Rising gospel star Tonia Hughes will represent the middle years. At age 16, Jackson joined the Great Migration to Chicago, where her singing career began with the Greater Salem Baptist Church Choir. She started recording for the Apollo and Decca labels in the late '30s and eventually made her big leap in 1948 with "Move on Up a Little Higher," which sold 8 million copies.

Mahalia #3

The veteran Steele, best known from "A Prairie Home Companion" and the Steele Family's concerts, will take Jackson home. In the '60s, she became a hero of the civil rights movement and sang at John Kennedy's inauguration in 1961 and the March on Washington in 1963. She also owned several businesses and bought a giant Cadillac, where she would sleep or eat if a hotel or restaurant refused her service.
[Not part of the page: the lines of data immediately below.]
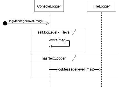 [그림 4]는 특정 조건에 따라 목적 코드를 분기하는 경우다. Chain of Responsibility Pattern의 컨셉은 자신의 조건이 맞으면 수행하고 그렇지 않으면 패스한다. else if로 만들수도 있고 if, if, 조건으로 만드는 등 각 요구사항에 맞게 Varient하여 디자인 하면 된다. [그림 5] 아래는 log level에 따라 각 Logger들이 로깅을 할지 말지를 판단하는 체인을 구현한 예시다.
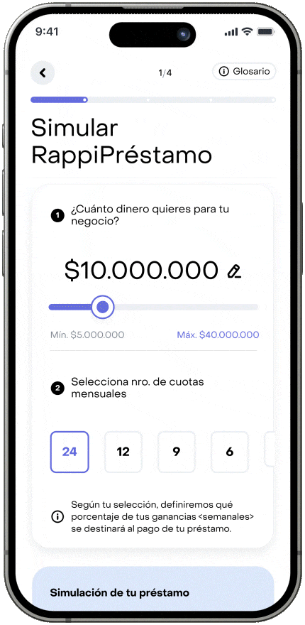 Decide el monto y selecciona el número de cuotas para impulsar el crecimiento de tu negocio.
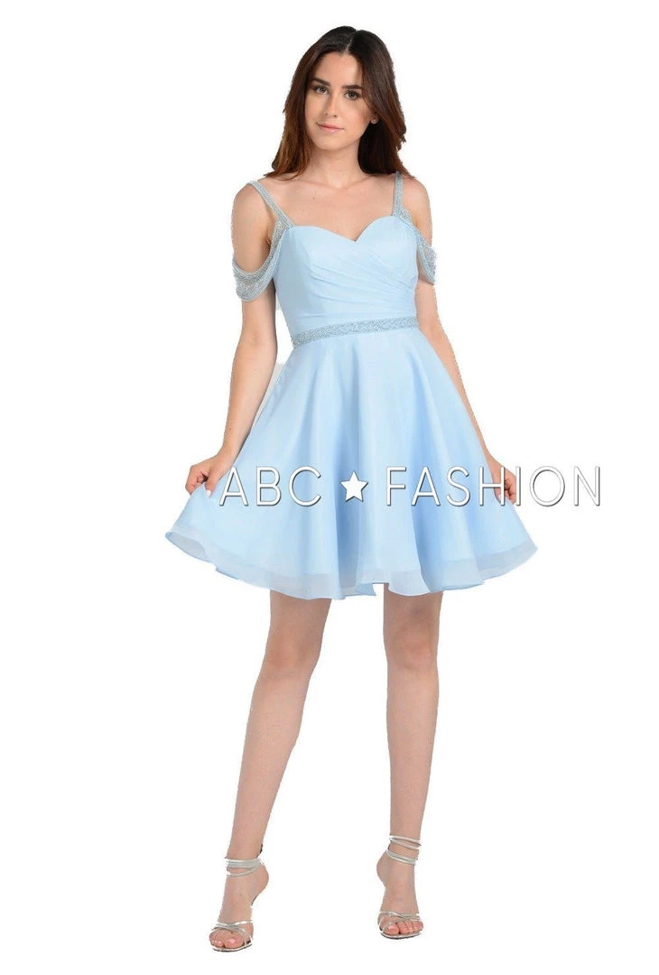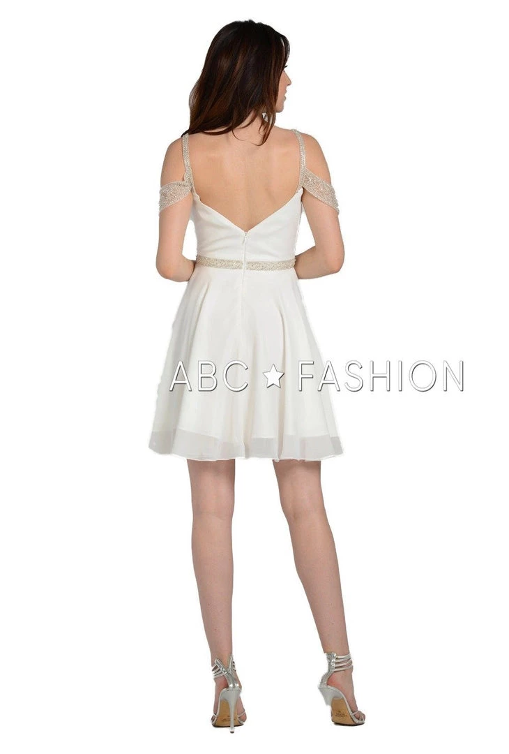 Turn heads in this sweetheart cold shoulder chiffon cocktail dress with beaded waistband by Poly USA 8028. Beautiful chiffon A-line short dress features a pleated sweetheart bodice with chic cold shoulder with beaded sheer sleeves, beaded waistband for a touch of sparkle, flirty open V-back, and zipper closure. Affordably priced at $180, this short party dress is perfect for any semi-formal event and will keep you on budget!
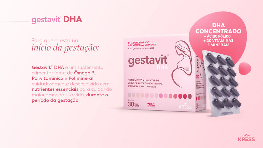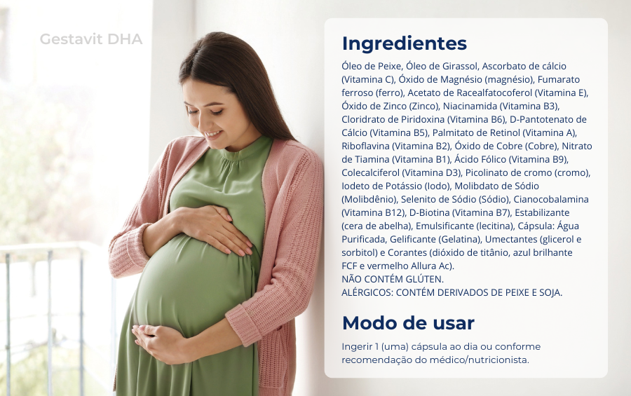 Gestavit® DHA é um suplemento alimentar fonte de ômega 3, essencial para o período da gestação. Sua fórmula contém DHA, EPA + 20 nutrientes essenciais, cuidadosamente escolhidos para auxiliar no desenvolvimento saudável do bebê. Também é indicado para a fase de de amamentação, auxiliando na qualidade do leite materno. O ômega 3 é importante para o desenvolvimento do cérebro e dos olhos do bebê durante a gestação e no período de amamentação.
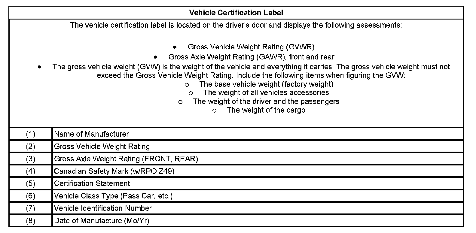Label - Vehicle Certification, Tire Place Card, Anti-Theft and Service Parts ID:
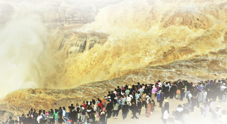 “壺口”的稱謂,最早見于《尚書·禹貢》中,如“既載壺口,治梁及岐”“壺口、雷首,至于太岳”,都與傳說中大禹治水的路線與策略有關(guān),壺口是大禹治水的始發(fā)之地。黃河壺口瀑布旅游區(qū)是國家5A級旅游景區(qū),是中國第二大瀑布,全世界最大的黃色瀑布。站在壺口觀景臺往上看,只見洶涌的黃河水簇?fù)碇?、吶喊著撲到眼前,其勢如千軍萬馬,漫山遍野般涌來,到了壺口,那一排排的巨浪在翻著水花馳騁飛奔中,突然墜入深坑,發(fā)出了震耳的嘶鳴聲,濺起了漫天水霧,再簇?fù)碇枷蜻h(yuǎn)方……而此時的你,只會感覺到大自然的偉岸和自己的渺小。
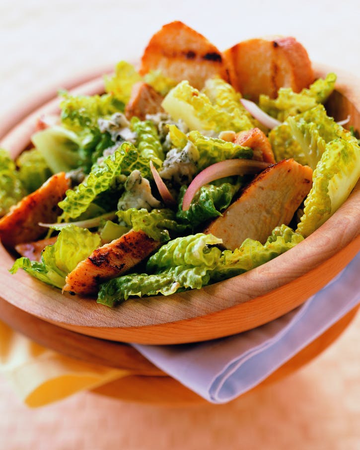 05 Vo veľkej miske kombinujte šalát, cibuľu a kurča. Pridajte dostatočné množstvo dresingu, aby ste listy zľahka potiahli (možno nebudete potrebovať všetok dresing). Pridajte plátky opečenej bagety. Dochutíme korením. Premiešajte. Podávajte ihneď.
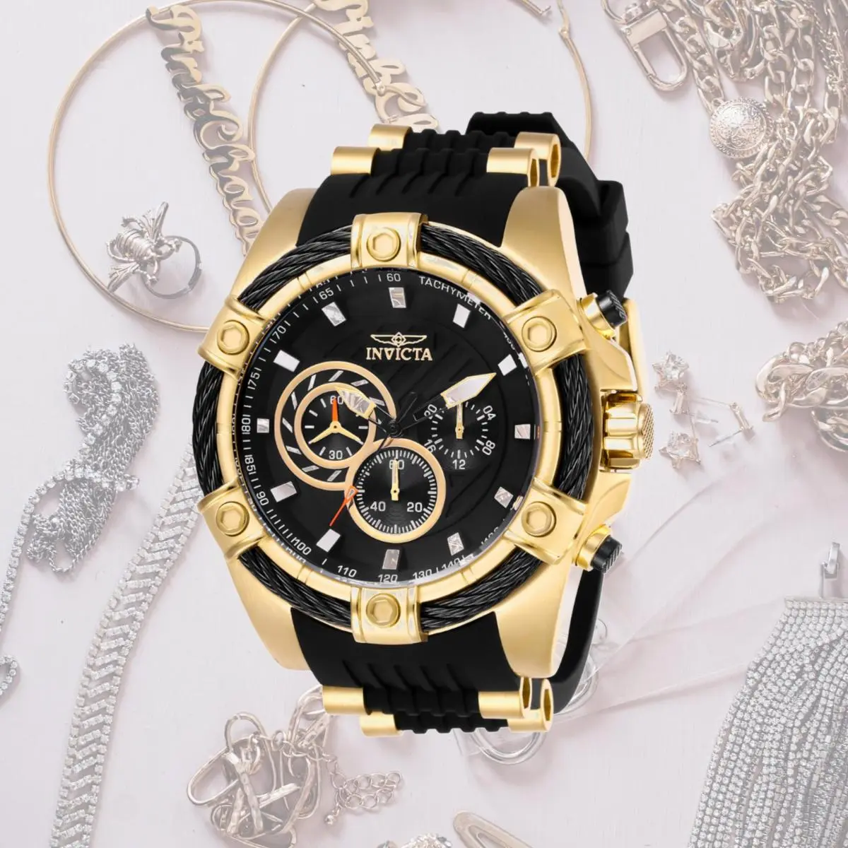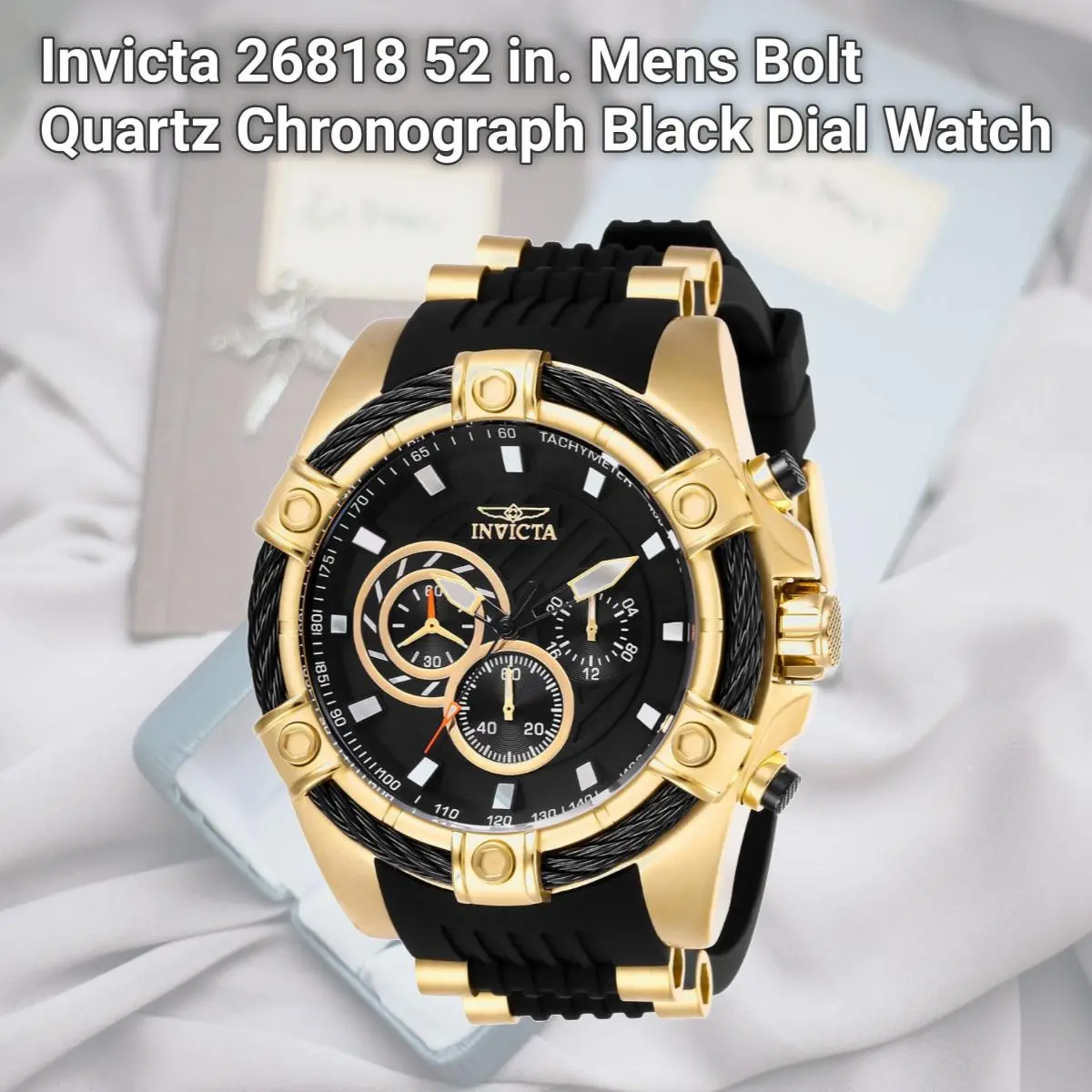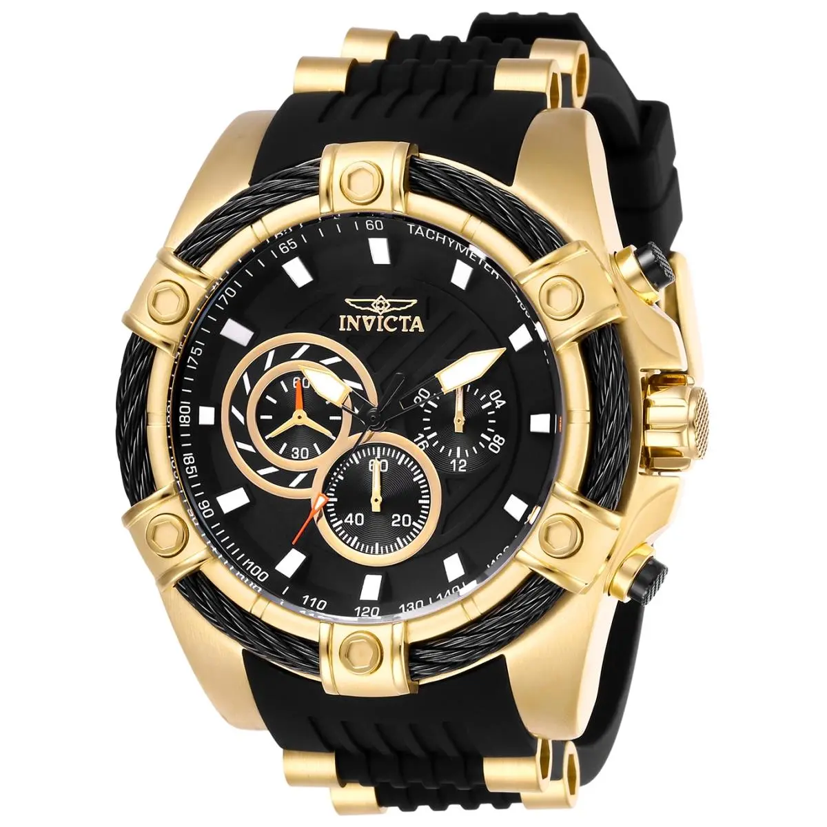We give our best to bring timepieces with innovation at its best. We use the latest technology and provide the best quality standards. We also have created the Invicta club to offer the loyal treatment for our most dedicated collectors. New designs and stylish masterpieces have been carefully selected and modified to capture the unique style and aesthetics of the watches. Our create work with the quest of creating something exceptional. With sharpness in attitude and ability, the Invicta Bolt is a mastermind of dominance. Perfectly synchronized movements, complex casing engineering and signature rope jewelry design fastened around the bezel make a lasting impression. Variations in materials and finishes provide a range of options to suit any taste. The Invicta Bolt, an uncompromised statement in accomplished timekeeping where power becomes harmonized motion. Specifications Collection: Bolt. Band Color: Black & Gold. Bezel Color: Black & Gold. Gender: Mens. Movement: Quartz. Case Diameter: 52". Strap Size: 26 mm. Water Resistant: 100 m. Band Material: Polyurethane & Stainless Steel. Dial Material: Metal. Bezel Material: Stainless Steel, Crystal. Case Material: Stainless Steel. Clasp Type: Fold over clasp with Safety. Crown Type: Pull. Country of Origin: Japan.
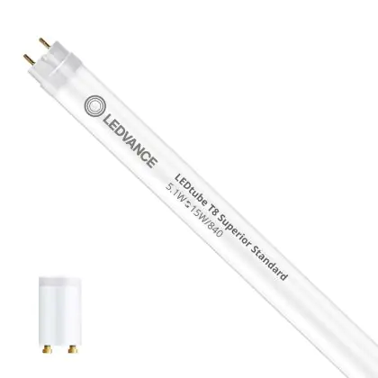 Bei der Ledvance LED Röhre 44cm | 4000K 5.1W - Superior handelt es sich um eine energieeffiziente LED-Röhre. Sie ersetzt Ihre konventionelle Leuchtstoffröhre mit 15W. Die Röhre ist 450 mm lang und hat die Farbtemperatur 4000K - Kaltweiss. Die durchschnittliche Lebensdauer der LED-Röhre beläuft sich auf 75000 Stunden. Wir bieten Ihnen für dieses Produkt eine Garantie von 5 Jahre an.

"That's my favorite part of the story," laughed Steele. "I mean, can you just picture her in that big Caddy?"

Come on, children

Both of the younger singers in "Come on Children" expressed regret that -- like a lot of people their ages -- they never considered Jackson a major influence, not realizing her songs are still a cornerstone of modern gospel music and many church services.

"I just didn't think she had much to do with my generation, but I realize now how wrong I was," said Hughes. "Even beyond her gift as a singer, I've developed an appreciation for how strongly she established herself as an African-American woman and stood by her convictions."

Said Hurst, a student at St. Paul Conservatory for Performing Artists, "When I started looking her up and researching her music, it sounded very familiar. I knew her music, I just didn't know it was hers."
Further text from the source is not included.